涿鹿驛外,暮色漸沉。
福王朱常洵的儀仗緩緩停駐在驛道旁,數十名王府護衛按刀肅立,錦旗在秋風中獵獵作響。
朱常洵自馬車中探出身來,肥胖的身軀裹著厚重的貂裘,面色陰沉如鐵。
他瞇眼望向不遠處的驛館,燈火已亮,隱約可見王體乾所率的錦衣衛與內侍在驛門外列隊等候。
王體乾身著蟒袍,立于驛館石階之上,身后是二十余名身著飛魚服的錦衣衛,腰佩繡春刀,目光冷峻。
見福王車駕停駐,他微微拱手,聲音不卑不亢:“王爺一路勞頓,驛館已備好熱湯飯食,還請暫歇一宿,明日再啟程。”
朱常洵冷哼一聲,未答話,只是揮了揮手,示意王府長史周師文前去交涉。
周師文快步上前,低聲道:“王公公,王爺身子不適,可否容我等在驛外扎營?以免擾了驛館清凈。”
王體乾嘴角微揚,似笑非笑說道:“周長史說笑了,驛館本就是為貴人歇腳所設,豈有讓王爺露宿之理?況且”
他目光掃過福王身后的護衛,意味深長道,“陛下惦念王爺安危,特命咱家一路護送,若王爺執意不入門,恐怕.不妥。”
朱常洵聞,臉色愈發難看,肥厚的手掌緊攥車簾,指節發白。
最終,他重重吐出一口濁氣,咬牙道:“既如此,便依王公公安排。”
王體乾躬身一禮,側身讓路:“王爺,請。”
夜色中,兩隊人馬一前一后進入驛館,火把的光影在朱墻上搖曳,映出福王沉重的背影和王體乾如影隨形的目光。

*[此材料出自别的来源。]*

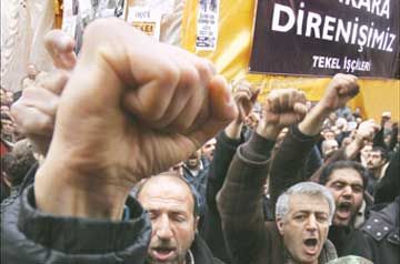 Konuşmasında sık sık TEKEL işçilerinin mücadelesinin tüm işçi sınıfının, güvencesizlerin mücadelesi olduğuna vurgu yapan Türkel, bu mücadelenin bitmediğini, büyüyerek süreceğini söyledi.

“公公,福王拖沓,陛下幾次催促,可要將陛下的旨意,告訴福王?”錦衣衛千戶見福王如此不識趣,面有不虞之色。
“福王都不急,我們這些太監急什么?”
王體乾看著福王入驛館的背影,臉上卻在冷笑。
從洛陽出來,福王一直拖慢行程。
至于原因,王體乾心知肚明。
并非是福王有什么陰謀詭計,而是連日趕路,福王身體受不了了。
畢竟是三百多斤的人。
尤其他身上還長著瘡,日夜煎熬,讓其痛不欲生。
加之初春時節,冰雪融化,道路泥濘,車駕顛簸,這更是要了福王的老命。
如果有人愿意將這些事情告訴皇帝,那么,皇帝對福王的‘拖延’自然能夠理解。
然而.
誰會告訴皇帝此間內情呢?
他王體乾?
別開玩笑了,他為什么要幫福王呢?
在洛陽的時候,面對問罪圣旨,刀兵威脅,福王還會怕一怕,對他最起碼表面恭敬。
現在在入京路上,有王府護衛保護,這三百斤的福王,身家性命無憂之后,居然又開始擺起譜來了。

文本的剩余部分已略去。